To Be or Not To Be A Gymnast?

With the Olympics in full swing, and U.S. gymnasts racking up gold medal after gold medal you’re probably thinking….”Maybe I should get my kid into gymnastics!” But shortly after that statement you might wonder “what are the benefits of gymnastics?” or better yet “what are the risks?”.

Well it’s those sort of questions that led to me writing about the common benefits that come with gymnastics. Oh, and the risks too!

After reviewing a few different sources I found some common themes that benefit those in the world of gymnastics. For starters, participation in weight-bearing activities like gymnastics can help to develop strong, healthy bones. This is important to develop at a young age as we inevitably experience a decrease in bone mass every year the more we age. Building strong, healthy bones when children are young can help reduce the risks of developing osteoporosis later in life.

Another common benefit for gymnasts is something beyond physical gain, and that is the benefit of improving concentration and mental focus. Gymnastics allows children the chance to think for themselves, to stimulate their imaginations, and to determine how to solve problems safely.

Also, gymnasts have been known not react with as large of a “startle response” to sudden changes in balance as non-gymnasts. By applying their conditioning outside the sport, those people become better equipped to avoid hazardous situations by quickly identifying them and naturally correcting body alignment when walking, standing, or jumping. In other words, they are less likely to fall when the stumble of something that was unexpected.

An additional advantage in gymnastics is an increasing level of flexibility. This can be an effective aid in the reduction of injury by preventing people from forcing a limb to an overextended position. By learning movements and combining them in a routine, gymnasts often attain greater flexibility and greater control of the body.

To add to all of that, a 2001 study conducted by researchers at the Robert Wood Johnson Medical School and the University of Medicine & Dentistry of New Jersey also indicated that children who participated in physical activity like gymnastics were likely to have better self-esteem and self-efficacy. They found that the more time children ages 10 to 16 spent being active, the higher they reported having self-efficacy and self-esteem.

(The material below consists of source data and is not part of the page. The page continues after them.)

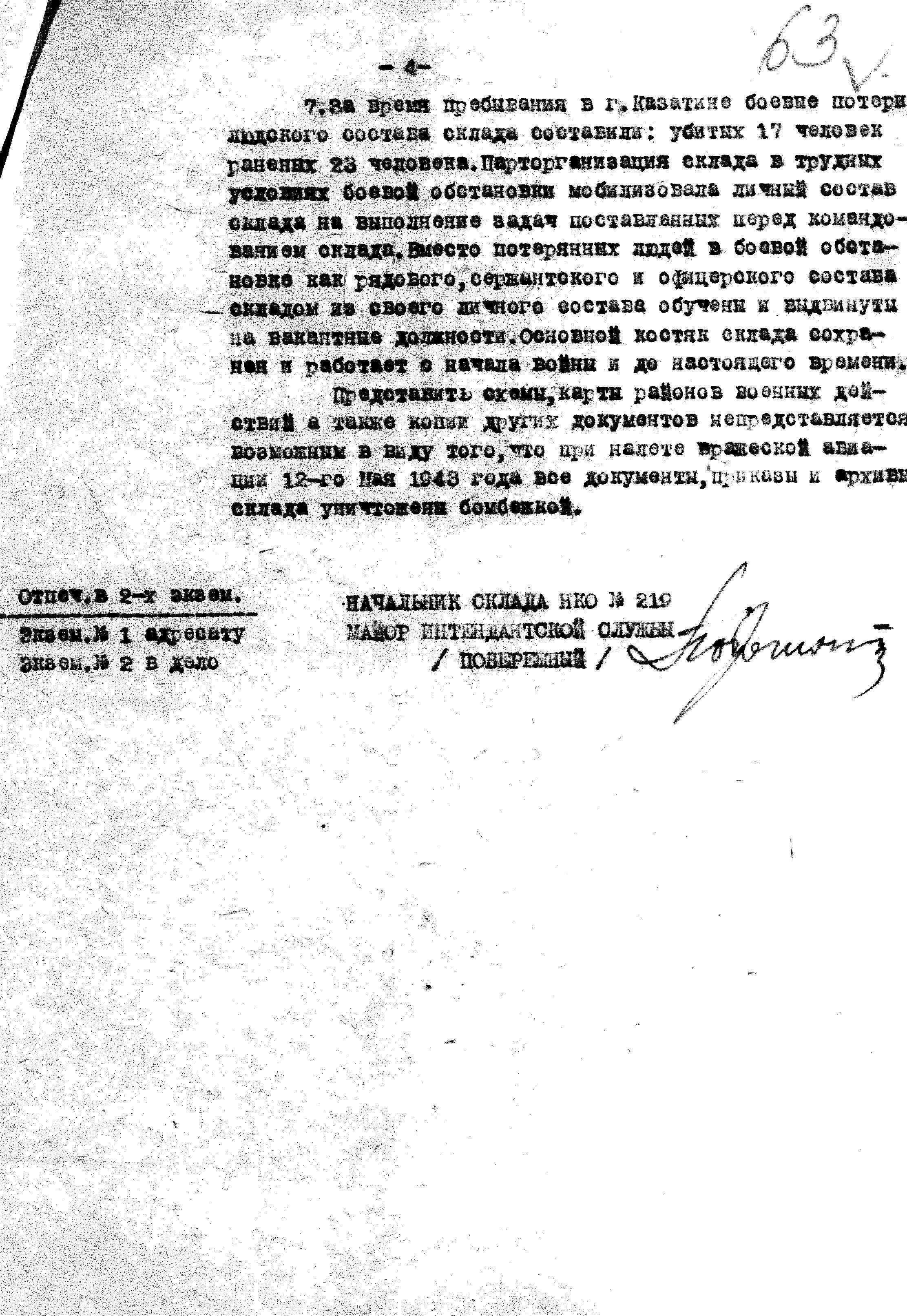 Не раз и не два побывали под вражеской бомбежкой работники 219 продсклада НКО. Но, каждый раз они находили в себе силы, чтобы тушить пожары, спасать материальные ценности.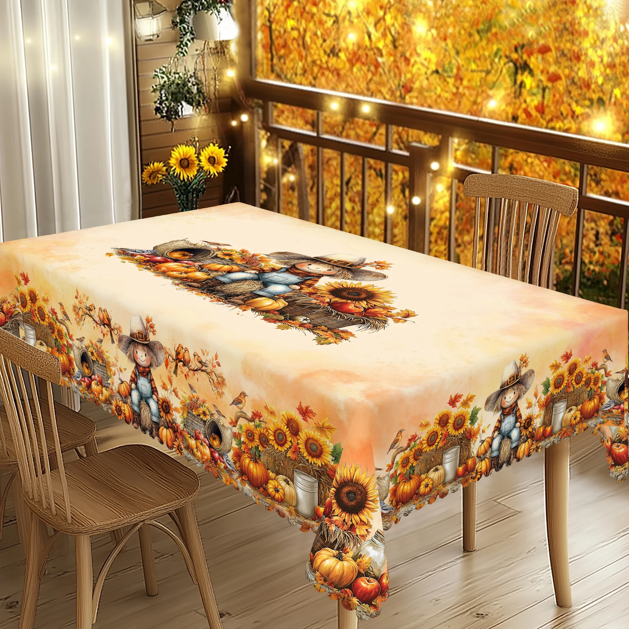 Gnizama Fall decoration autumn thanksgiving polyester rectangular round tablecloth with pumpkin, scarecrow, pattern design,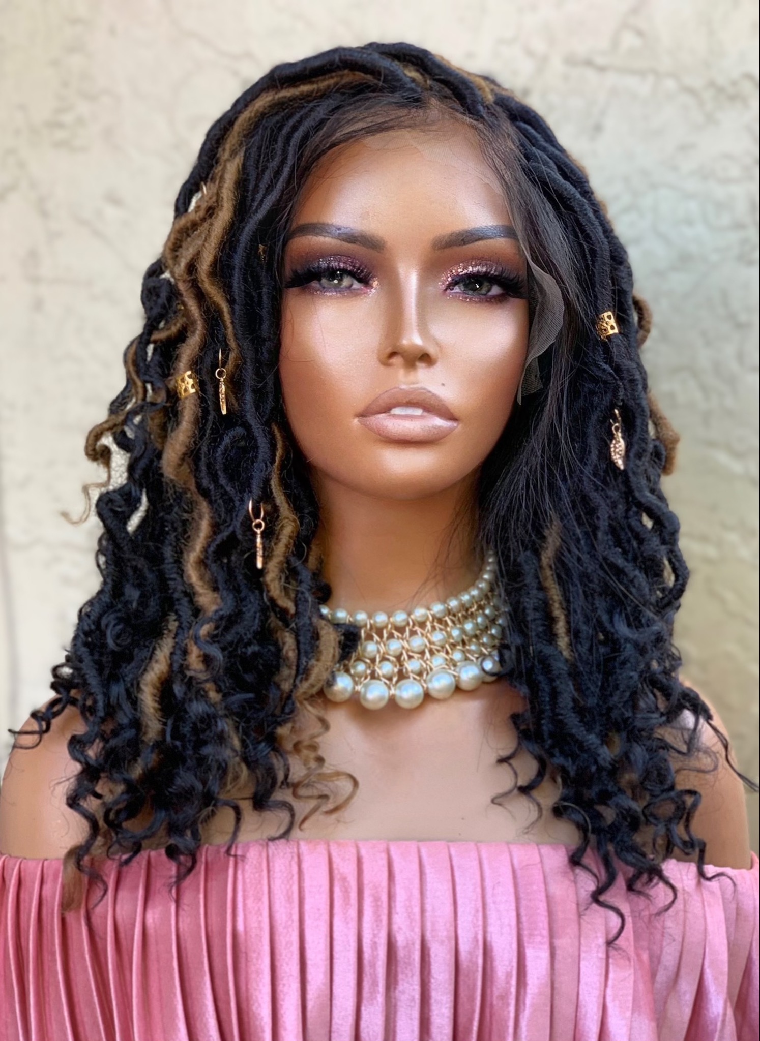 Empress Faux Locs Lacefront wig fits most heads. Front of wig is Loc Extensions, back is crochet synthetic faux locs sewn in making wig feel lighter on head. Lacefront has 5" parting space from ear to ear. Lacefront knots are lightly bleached for a more realistic look.

The American Heart Association recommends children take part in 60 minutes of physical activity per day. Therefore, participating in gymnastics would help kids meet these exercise recommendations and will likely raise those kids’ feelings of being amazing! Gymnastics can help maintain a healthy body weight, which is also key to preventing many health conditions such as asthma, cancer, obesity, heart disease and diabetes.

Those are just some of the benefits kids get with the gymnast life, but let’s not forget about the other side of this discussion. Many people who have been around gymnastics can also attest to the negatives that come with the lifestyle as much as they can about the positives. So let us mention those so we have a full picture.


Right from the beginning it must be mentioned that sustaining an injury is one of the largest cons of participating in gymnastics. A study, conducted by researchers in the Center for Injury Research and Policy (CIRP) at The Research Institute at Nationwide Children’s Hospital, examined information on children 6 to 17 years of age who were treated in hospital emergency departments for gymnastics-related injuries between 1990 and 2005. According to its findings, on average nearly 27,000 injuries are reported each year. To go one step further, the likelihood of being injured while doing gymnastics is 4.8% per 1,000 gymnasts, and those between the ages of 12 and 17 had the highest rate of injury at 7.4% per 1,000 gymnasts.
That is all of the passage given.